Supplied material ::

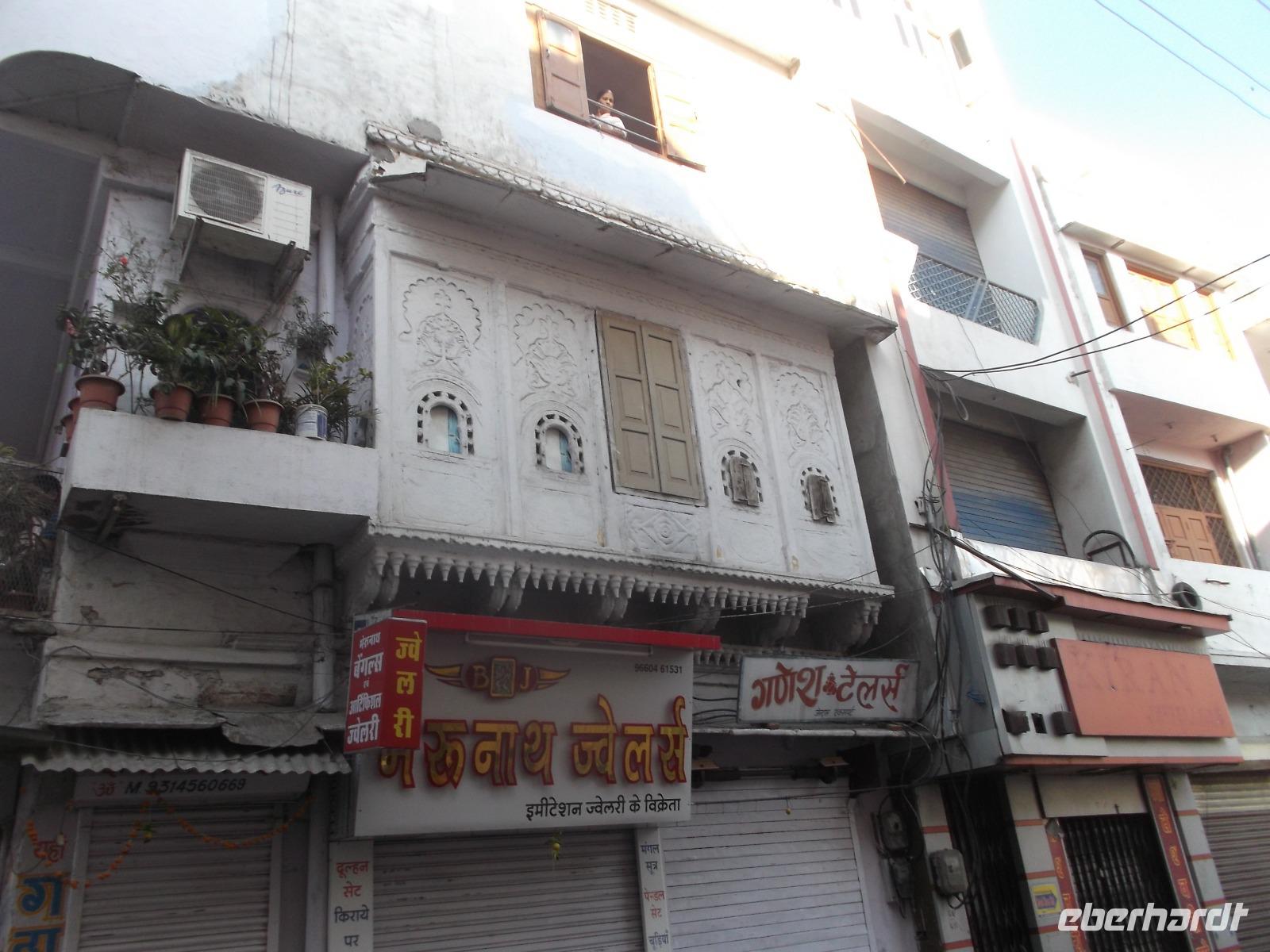 Bei der Weiterfahrt legten wir nachmittags einen Stopp im sogenannten „Shekawati-Gebiet" rund um den Ort Mandawa ein. Es ist bekannt für seine verzierten Kaufmannspaläste - nur dass die Havelis hier nicht wie in Jaisalmer geschnitzte, sondern bemalte Fassaden tragen. . Ein kleiner Rundgang in der alten, hoffnungslos überfüllt scheinenden, Stadt Fatehpur zeigte verwinkelte enge Gassen. Der Ort liegt genau im Herzen des für seine Wandmalereien bekannten „Shekawati"-Gebiets und beherbergt die wohl größte Zahl bemalter alter Händlerhäuser, heute zumeist verlassen oder von Verwalterfamilien bewohnt. Viele sind in schlechter Verfassung, zeigen aber trotz Verblassung und Verkommenheit den Abglanz ihrer einstigen Pracht.
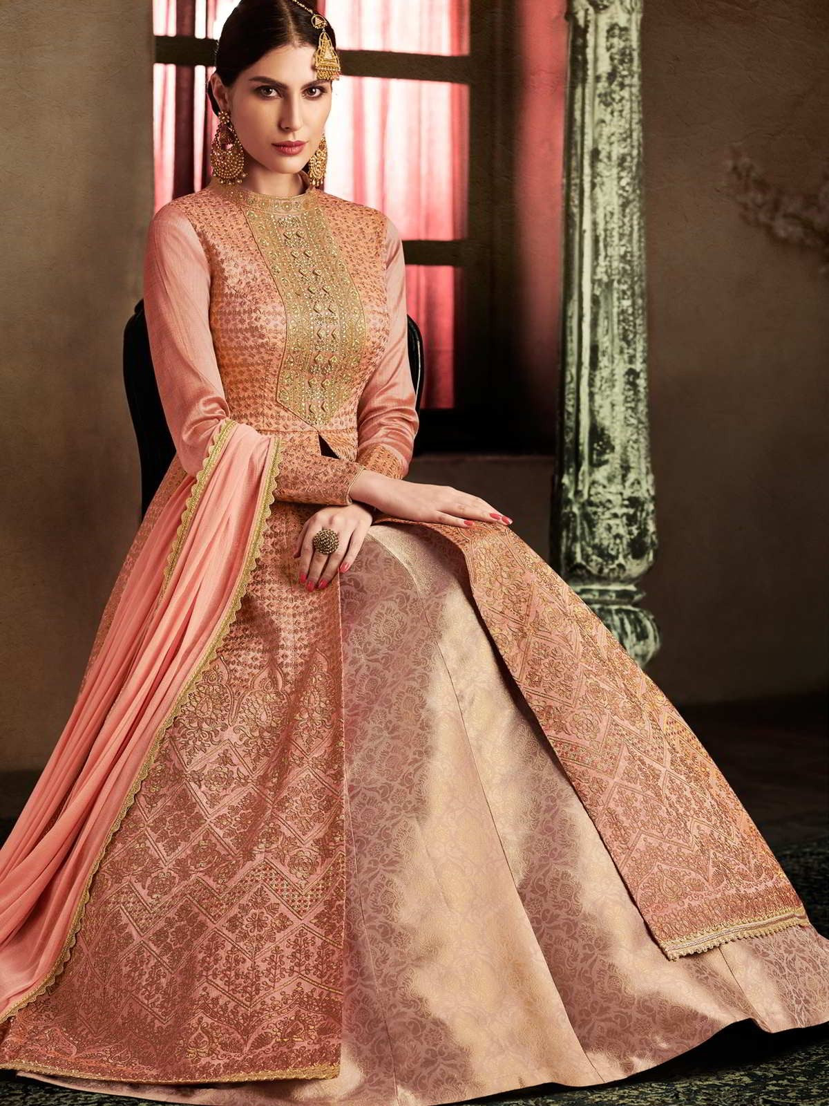Peach And Gold Embroidered Anarkali Lehenga Style Suit In usa uk canada Shop Latest Indian Anarkali Suit Collection Of Peach And Gold Embroidered Anarkali Lehenga Style Suit Online In Australia, Newzeland. This set features embossed embroidery work with thread and stone work detail on its Silk anarkali top paired with santoon Lehenga bottom and lining. This designer set has minimalist butti embroidered real georgette dupatta. Team it up with golden jewellery and fancy clutch to look mesmerising.
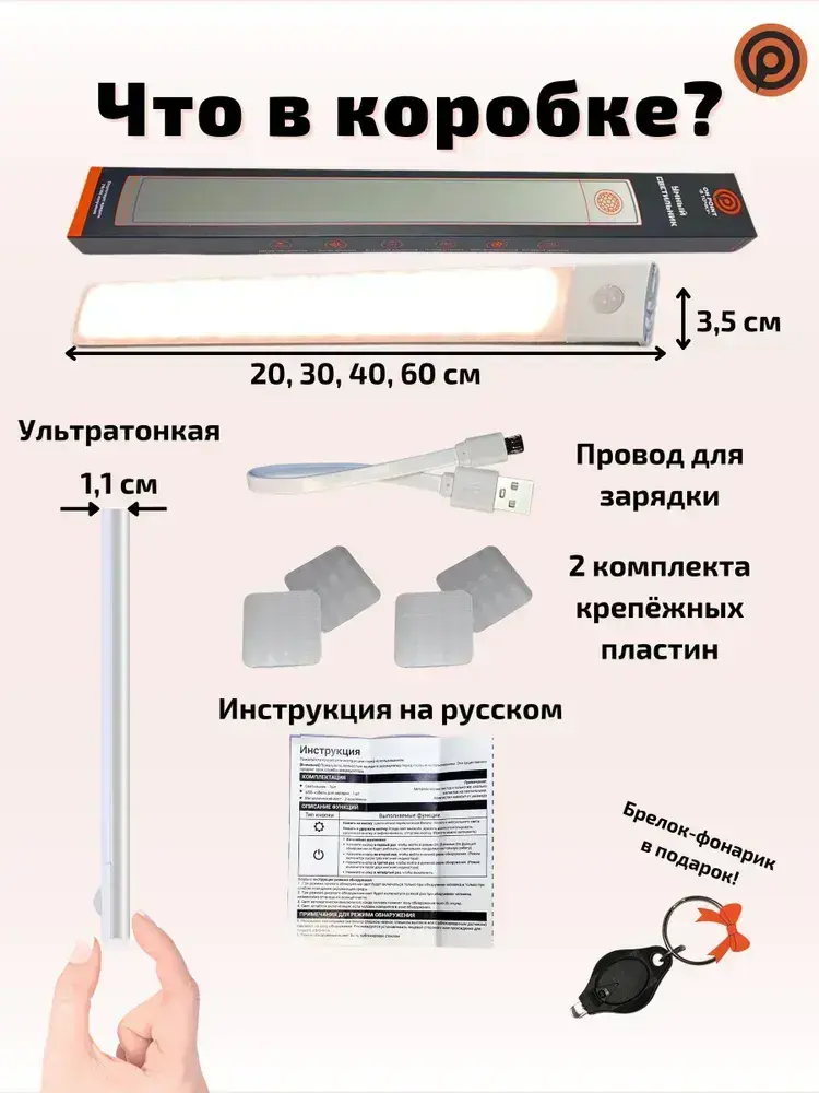 Светильник с датчиком движения, 60 см беспроводной, на аккумуляторе
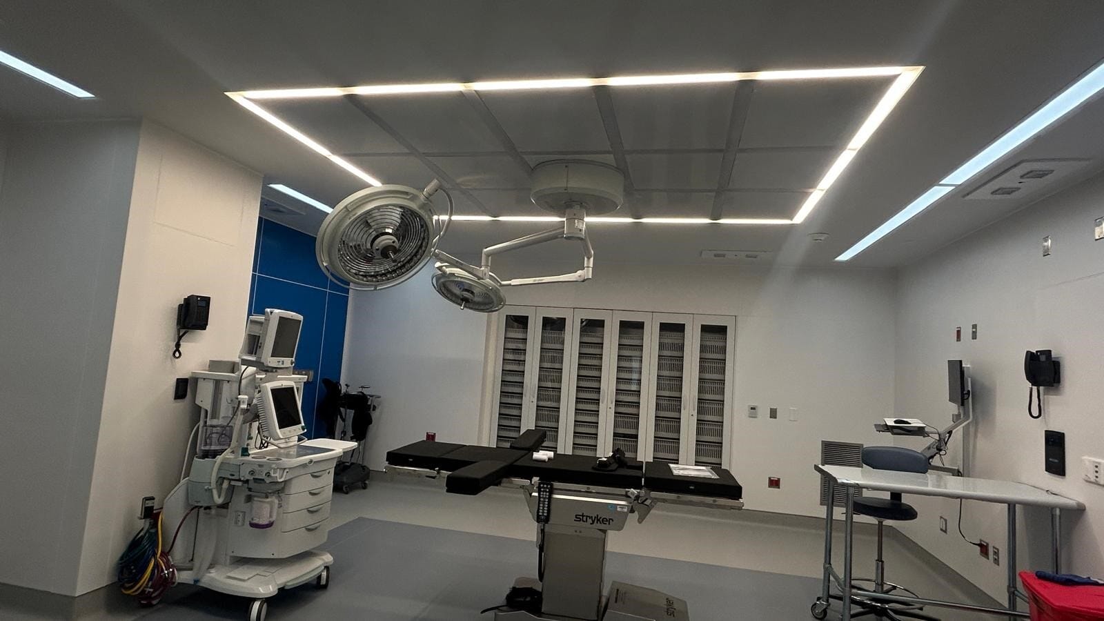 To meet surgical lighting needs, powerful LED lights (tunable and dimmable) can be built into each diffuser, eliminating the need for traditional hanging lights, freeing up additional ceiling space for other equipment.

Your goal :: The material above is to be output exactly, with each picture left out.

Output for this exercise ::
 Bei der Weiterfahrt legten wir nachmittags einen Stopp im sogenannten „Shekawati-Gebiet" rund um den Ort Mandawa ein. Es ist bekannt für seine verzierten Kaufmannspaläste - nur dass die Havelis hier nicht wie in Jaisalmer geschnitzte, sondern bemalte Fassaden tragen. . Ein kleiner Rundgang in der alten, hoffnungslos überfüllt scheinenden, Stadt Fatehpur zeigte verwinkelte enge Gassen. Der Ort liegt genau im Herzen des für seine Wandmalereien bekannten „Shekawati"-Gebiets und beherbergt die wohl größte Zahl bemalter alter Händlerhäuser, heute zumeist verlassen oder von Verwalterfamilien bewohnt. Viele sind in schlechter Verfassung, zeigen aber trotz Verblassung und Verkommenheit den Abglanz ihrer einstigen Pracht.
Peach And Gold Embroidered Anarkali Lehenga Style Suit In usa uk canada Shop Latest Indian Anarkali Suit Collection Of Peach And Gold Embroidered Anarkali Lehenga Style Suit Online In Australia, Newzeland. This set features embossed embroidery work with thread and stone work detail on its Silk anarkali top paired with santoon Lehenga bottom and lining. This designer set has minimalist butti embroidered real georgette dupatta. Team it up with golden jewellery and fancy clutch to look mesmerising.
 Светильник с датчиком движения, 60 см беспроводной, на аккумуляторе
 To meet surgical lighting needs, powerful LED lights (tunable and dimmable) can be built into each diffuser, eliminating the need for traditional hanging lights, freeing up additional ceiling space for other equipment.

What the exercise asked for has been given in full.